Reinforcement Learning¶

Machine Learning often draws on analogies from human learning to create algorithms and paradigms.

Reinforcement learning draws on the process of trial and error: the algorithm tries an action, gets a reward, and updates its decision process accordingly.

Reinforcement Learning¶

This approach has found applications in robotic motion planning, in game play, and other areas. Alpha Go beat a a professional player, and OpenAI beat a professional DOTA player - both with Reinforcement Learning approaches.

 

Reinforcement Learning¶

The formal setup is: some Agent uses some decision process to choose an action based on some observed state of its environment. The action updates the environment, and is assigned some reward. A positive reward encourages that action, a negative reward discourages it.
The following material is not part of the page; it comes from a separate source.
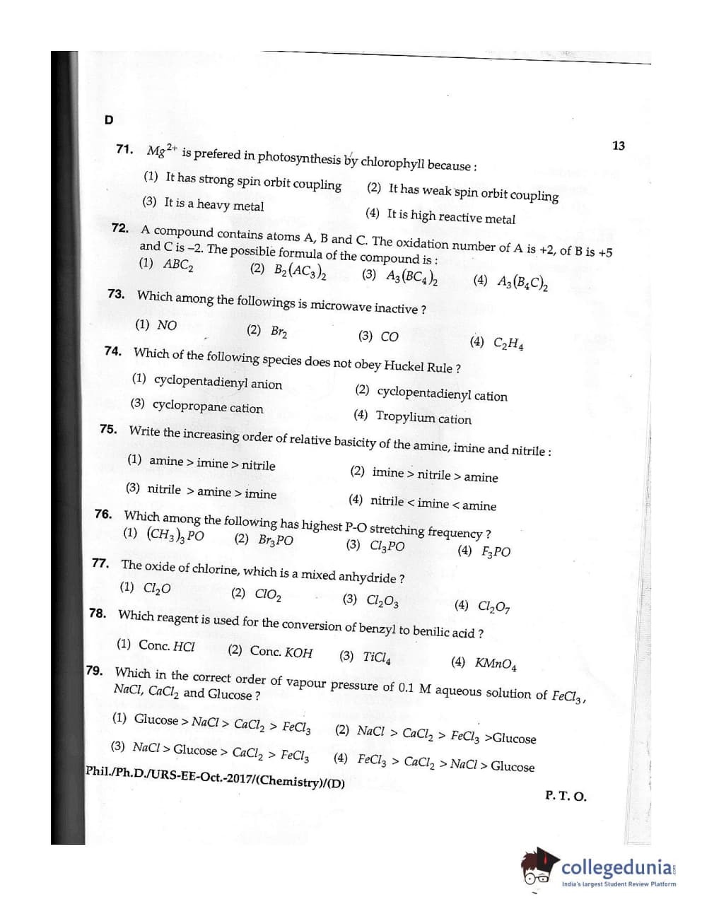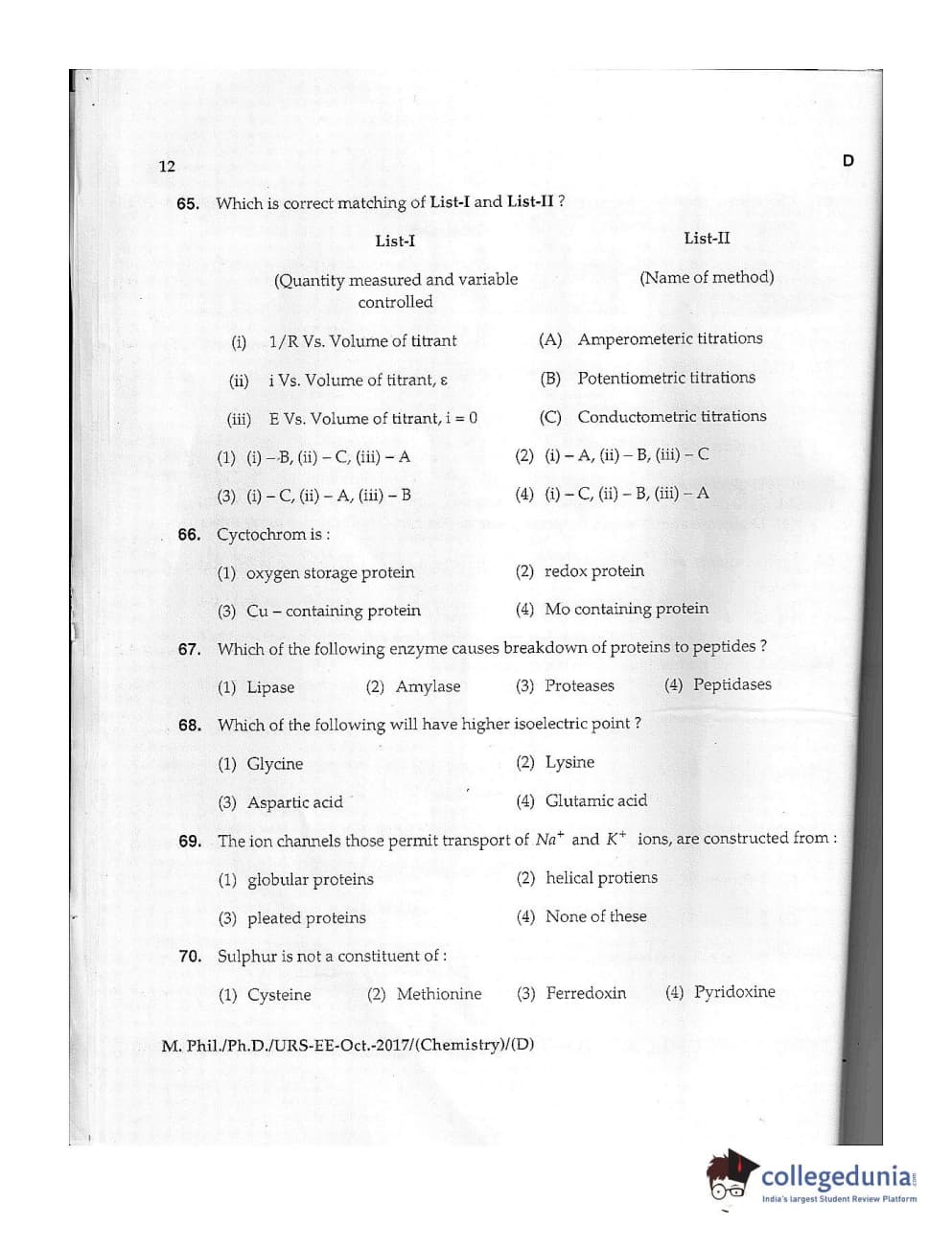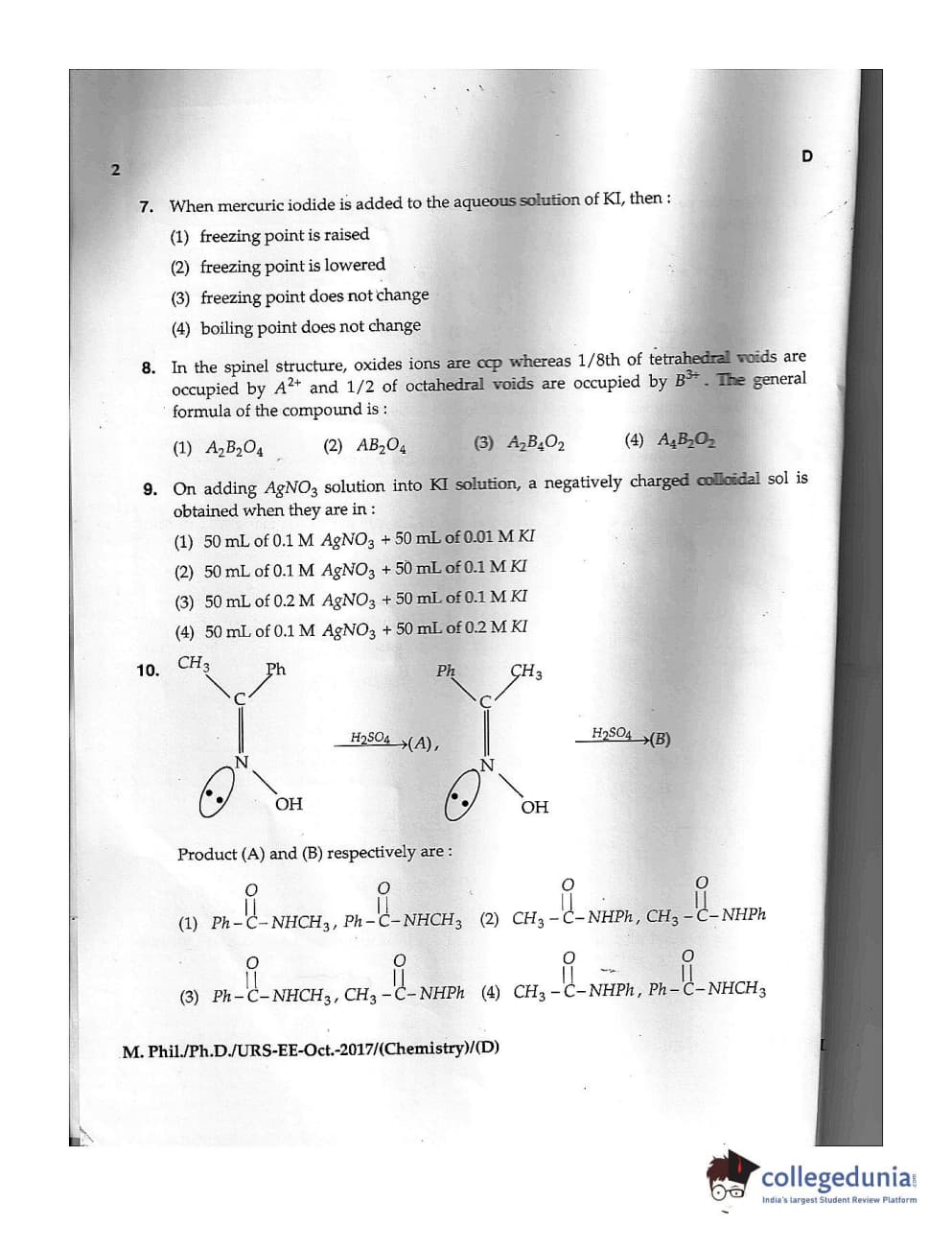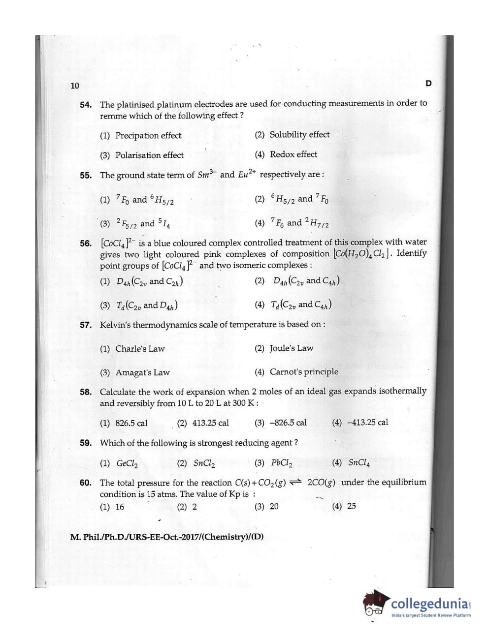 MDUCEE 2017 M.Phil./Ph.D./URS Chemistry Set D Question Paper with Answer Key PDFs

The objective is to maximize the accumulated reward.

In most settings, especially if there is uncertainty in the environment, it is sensible to discount this accumulated reward: rewards that take several actions to reach are worth less than immediate rewards.

$$ G_t = \sum_k \gamma^k R_{t+k+1} = R_{t+1} + \gamma R_{t+2} + \gamma^2 R_{t+3} \dots $$

Tradeoff¶

An important tradeoff in Reinforcement Learning is between exploration (trying new things) and exploitation (using known good strategies)

Q-Learning¶

A particularly interesting form of Reinforcement Learning is Q-Learning. In Q-learning, we posit a quality function $Q:S\times A \to R$ that maps each pair (state, action) to its maximum expected future accumulated rewards $Q(s,a)$.
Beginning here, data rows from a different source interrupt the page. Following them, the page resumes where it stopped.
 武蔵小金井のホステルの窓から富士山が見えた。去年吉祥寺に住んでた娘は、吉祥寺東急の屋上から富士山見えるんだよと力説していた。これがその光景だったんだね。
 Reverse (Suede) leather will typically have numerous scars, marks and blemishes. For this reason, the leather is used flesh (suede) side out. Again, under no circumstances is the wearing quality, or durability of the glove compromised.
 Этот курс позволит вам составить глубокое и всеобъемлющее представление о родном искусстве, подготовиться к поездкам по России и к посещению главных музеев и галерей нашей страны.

Clearly, if we had $Q$, we could pick the action that maximizes $Q$ at any given state.

Q-Learning¶

At the start, we make $Q$ either constant 0, or completely random. We then update $Q$ for each achieved reward.

Given a learning rate $\alpha$, a discount factor $\gamma$, current state $s$, chosen action $a$, and updated state $s'$, the update step is

$$ Q(s,a) = \color{blue}{Q(s,a)} + \alpha\left[ \color{red}{R(s,a)} + \color{purple}{\gamma} \color{green}{\max_{a'}Q(s',a')} - \color{blue}{Q(s,a)} \right] $$

In words, the new value for $Q(s,a)$ is adjusted by adding a fraction of how much better the reward and discounted expected future rewards are than the current estimate for that action at that state.

Deep Q-Learning¶

Instead of explicitly estimating $Q(s,a)$, we could train a neural network to estimate $Q(s,a)$.
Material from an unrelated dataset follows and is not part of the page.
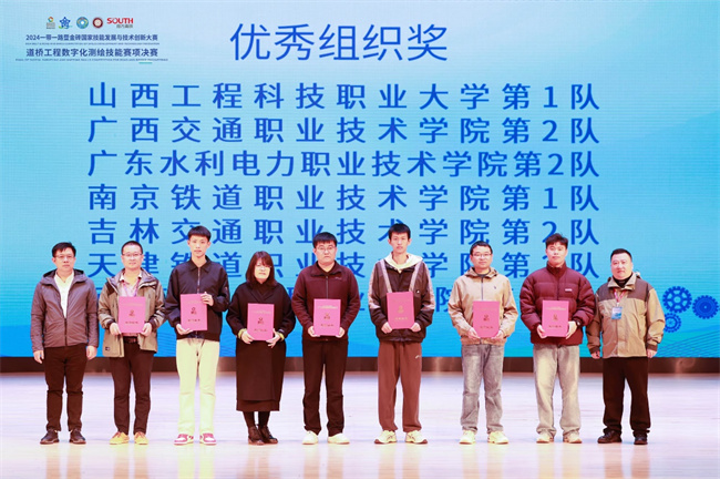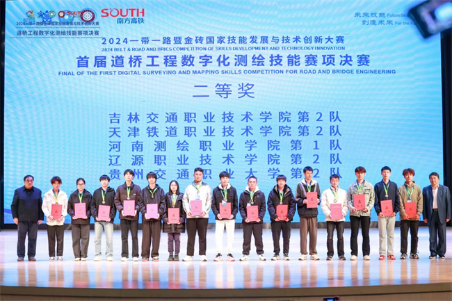 中新河南網(wǎng)10月26日電(楊磊) 10月17日-21日,2024“一帶一路”暨金磚國(guó)家技能發(fā)展與技術(shù)創(chuàng)新大賽——首屆道橋工程數(shù)字化測(cè)繪技能賽項(xiàng)決賽,在遼寧省交通高等?茖W(xué)校隆重舉行。此次競(jìng)賽吸引了來(lái)自全國(guó)40多所院校70多支代表隊(duì)參加,河南測(cè)繪職業(yè)學(xué)院參賽隊(duì)由測(cè)繪工程系書記賴學(xué)軍擔(dān)任領(lǐng)隊(duì),張浩哲、李名語(yǔ)、李圣卉、楊磊四位老師指導(dǎo)的兩支代表隊(duì)參賽,經(jīng)過(guò)為期兩天的激烈爭(zhēng)奪,最終榮獲二等獎(jiǎng)1項(xiàng)、三等獎(jiǎng)1項(xiàng),張浩哲、李名語(yǔ)榮獲優(yōu)秀指導(dǎo)老師,學(xué)校榮獲優(yōu)秀組織獎(jiǎng)。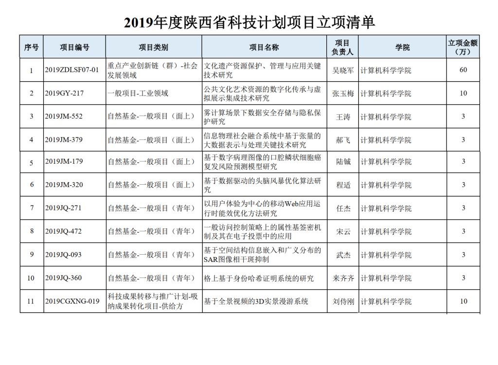 近日,陕西省科学技术厅公布了2019年陕西省科技计划项目资助结果,公司11项项目获得项目资助,其中,点产业创新链(群)项目1项,工业领域项目1项,自然科学基础研究计划项目-面上项目4项,自然科学基础研究计划项目-青年基金4项,科技成果转移与推广计划-吸纳成果转化项目1项,立项经费104万元,立项经费总数位居全校第三。

This simplifies the setup in that the learning rate updates are handled by the backpropagation and gradient descent optimizer.

Exploration¶

When exploring, the agent collects experiences: (old state, action, reward, new state)

Training¶

Given a batch of experiences, the model can be improved from each experience $(s,a,r,s')$ by

  1. Estimate $Q(s,a)$ for all possible next actions $a$
  2. Estimate $Q(s',a')$ for all possible next actions $a'$
  3. Calculate new target value $Q'(s,a) = r + \gamma\max_{a'}Q(s',a')$
  4. Train the network with input $s$ and output $Q'(s,a)$ for all possible $a$

This training step retains all the predicted values except the one in the experience.